Vali Davut Gül ne yapsın! İyi niyetle yetiştirmeye, en iyisini yapmaya çalıştığı anlaşılıyordu.

Fakat 100 yıldır belli olan bir kutlamayla ilgili temel kararlar, son dakikaya bırakılınca ne çıkacaktı?

Türkiye Yüzyılı öne çıkarılırken geriden gelen, sadece Cumhuriyet değildi. Atatürk de sonlarda kutlamalara dahil edildi.

29 Ekim akşamı, Cumhurbaşkanı Erdoğan'ın Vahdettin Köşkü'ndeki konuşmasına kadar Atatürk adı, mümkün mertebe anılmadı. Cumhuriyet, 100 yıl önce kendi kendine kurulmuş sanırdınız.

Anmamak, kasten tercih edilmediyse hızlı karar alma sisteminin getirdiği unutkanlık eserlerinden biri o da.

Köprüyü kapatmama ve okulları tatil etme fikirleriyle Gazze mitinginin niye arife gününe konduğunu açıklama gereği gibi, Atatürk'ün kuruculuğu da sonradan hatırlandı. Muhtemel ki, hatırlatan da milletin sahiplenmesi oldu. Halk ilgisi, muazzamdı.

Evden çarçabuk çıkarken cüzdanı unutmaya benzetebilirsiniz.

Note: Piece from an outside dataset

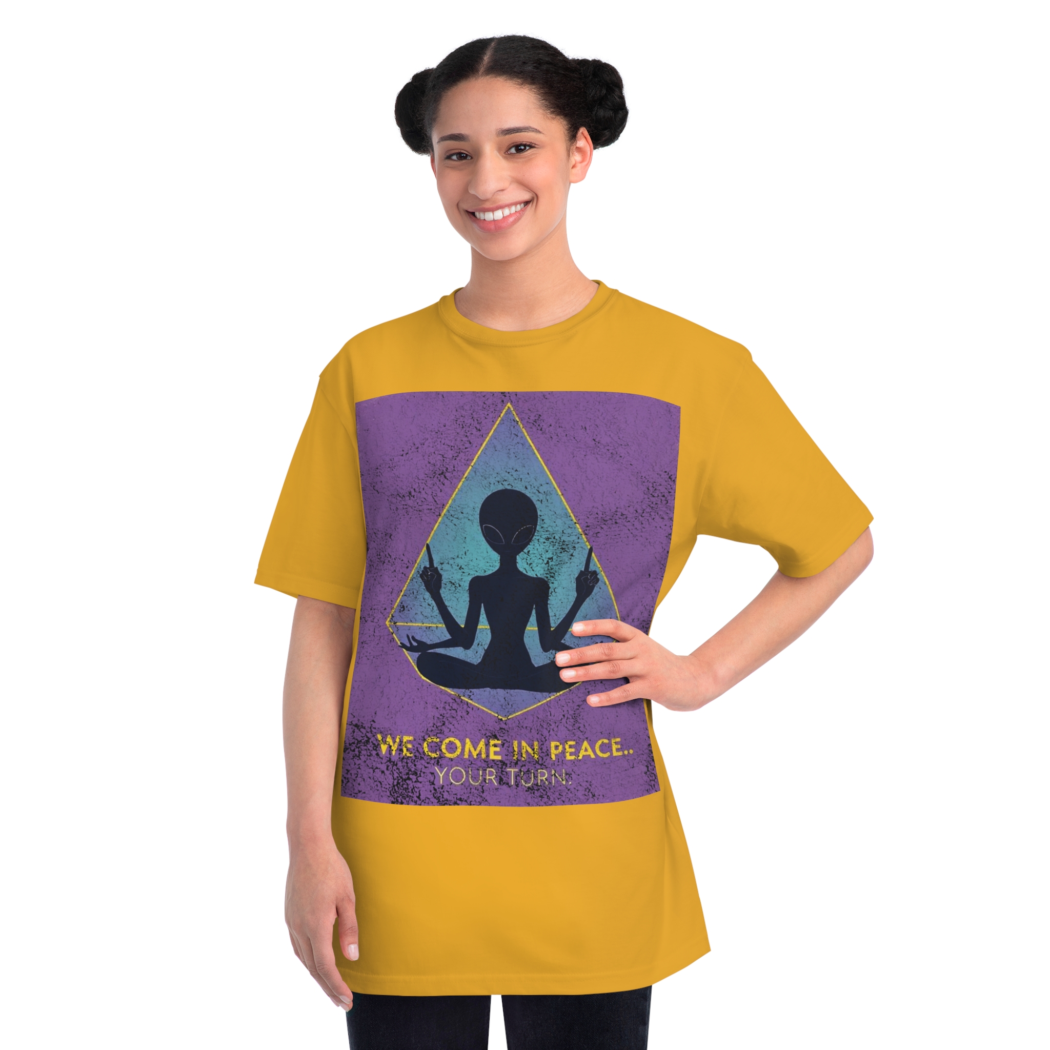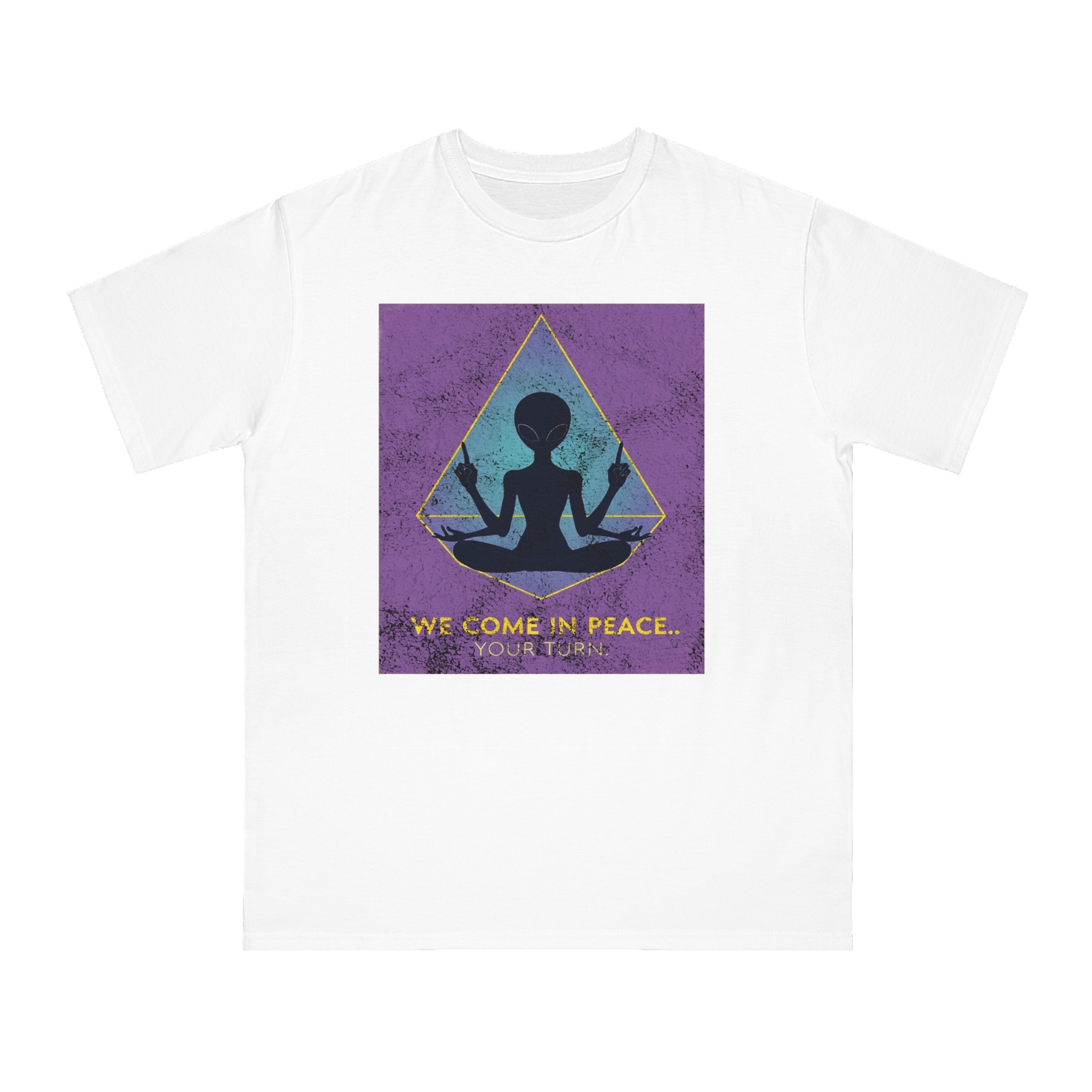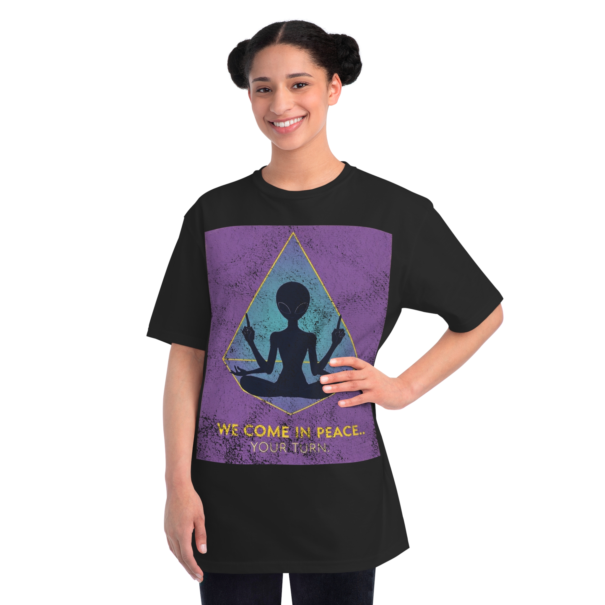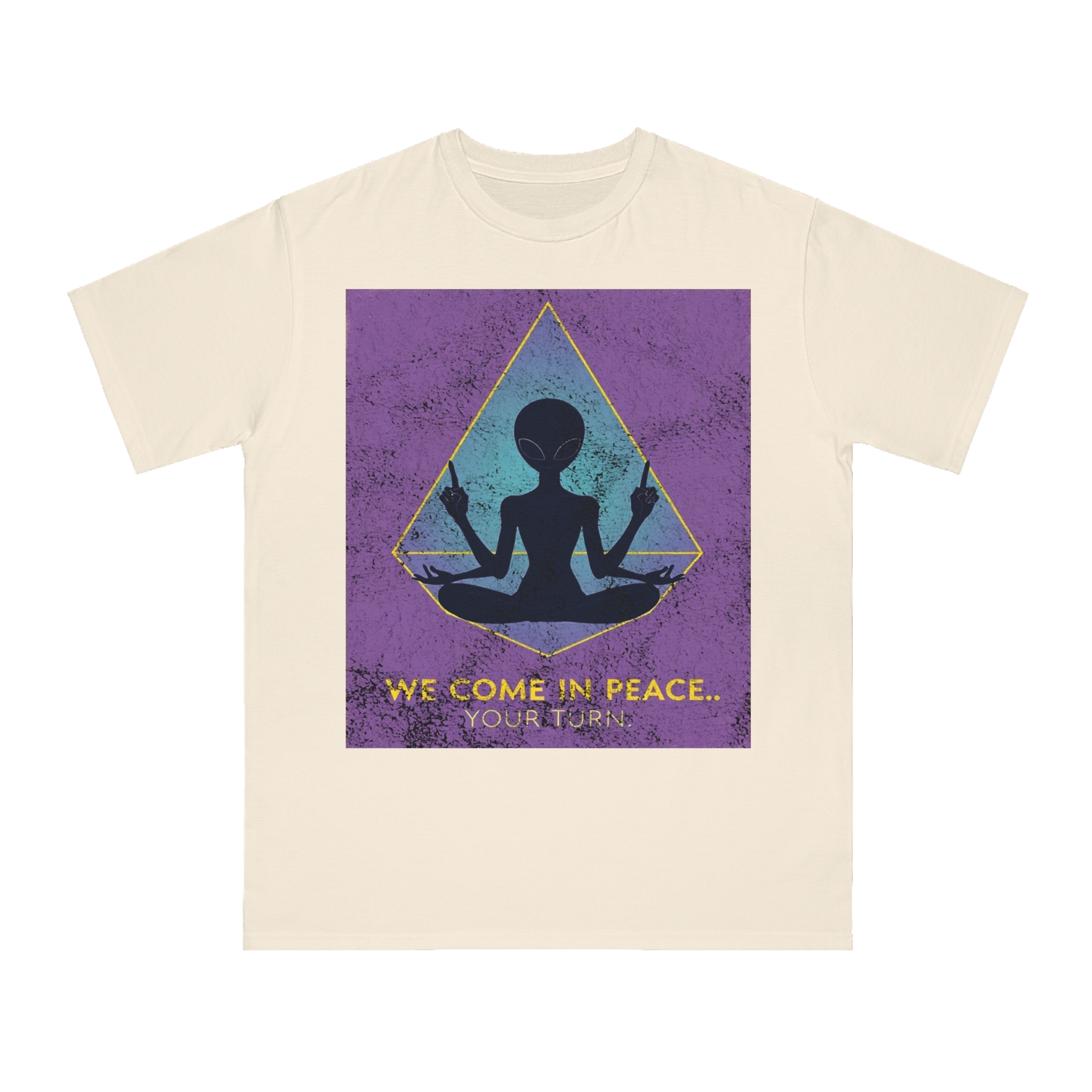 This striking graphic depicts a stylized alien figure in a meditative yoga pose, seated within a geometric yellow-lined triangle against a purple and blue textured background. The alien, rendered in deep navy blue, has the classic large-eyed silhouette and is positioned in a lotus meditation posture with hands in various symbolic gestures. The image has a vintage, slightly distressed poster aesthetic with a grungy, textured overlay that gives it an artistic screenprint quality. Below the image, text reads “WE COME IN PEACE…” followed by “YOUR TURN” in yellow distressed lettering, suggesting a humorous and ironic twist on the classic alien encounter narrative. The design blends science fiction imagery with spiritual meditation symbolism, creating a unique and thought-provoking visual that plays with themes of extraterrestrial contact and inner peace.

Ayaküstü, alelacele kararlar, asıl amacı bile unutturabiliyor.

Hatta Türkiye Yüzyılı'nın, 28 Mayıs seçim gecesinde başlatıldığı dahi akılda kalmamış...

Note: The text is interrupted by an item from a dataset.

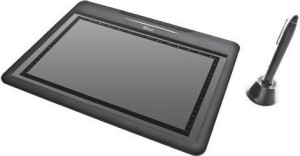 Tavoletta grafica ultrasottile di qualità superiore con ampia area di lavoro di 255 x 160 mm e supporto degli ambienti widescreen, per ritocco fotografico e video, disegni a mano libera e altre applicazioni grafiche Descrizione Tavoletta grafica ultrasottile di qualità superiore con ampia area di lavoro di 255 x 160 mm e supporto degli ambienti widescreen, per ritocco fotografico e video, disegni a mano libera e altre applicazioni grafiche Penna wireless ergonomica a 2 tasti con 1024 livelli di regolazione della sensibilità e apposito supporto per riporre la penna Superficie dal formato widescreen per un supporto ottimale dei monitor widescreen; compatibile anche con gli schermi standard Supporta integralmente le funzioni avanzate per tavolette grafiche di Windows 7 e Vista, come la sensibilità della pressione della penna, la conversione di scrittura manuale in testo digitale e le note su documenti da ufficio 21 tasti funzione aggiuntivi a pressione morbida programmabili e ad accesso diretto Lucido trasparente in dotazione, utile per ricalcare modelli e disegni Software per il disegno e il fotoritocco.

Erdoğan, "Başlasın Türkiye Yüzyılı" komutuyla başlatmıştı. Fakat Vahdettin Köşkü'ndeki konuşmasının bitiminde sunucu ses, Türkiye Yüzyılı'nı tekrar başlattı. "Sayın Cumhurbaşkanımız, gösterileri ve Türkiye Yüzyılı'nı başlatacaktır" anonsuyla hem de.

Karışıklığı düşünebiliyor musunuz? Bu durumda 1. yıl dönümü ne zaman kutlanacak? Gelecek 28 Mayıs'ta mı, yoksa 29 Ekim'de mi?

Türkiye Yüzyılı'yla Cumhuriyet'in kuruluşunu birbirine karıştıran bir acelecilikten söz ediyoruz.

Benden duymuş olmayın ama bu hız, Türkiye'yi, bir yüzyıl taşımaz. Mümkünatı yok.

İSRAİL'E LAF ÇOK YAPTIRIM YOK

Bloomberg'in haberi göre; 1 milyon varil Azerbaycan petrolü, bir hafta önce Ceyhan'dan İsrail'e sevk edildi.

Bunun üstüne sorulacak soruyu, en fazla şu kadar inceltebildim:

Katledilenler Gazzeliler, hedef sırasında İran'la Rusya var, İsrail'le ilişkilerimiz ve Ceyhan'dan petrol sevkiyatıysa aynen devam ediyor ama asıl hedef Türkiye'deki seçimler; öyle mi?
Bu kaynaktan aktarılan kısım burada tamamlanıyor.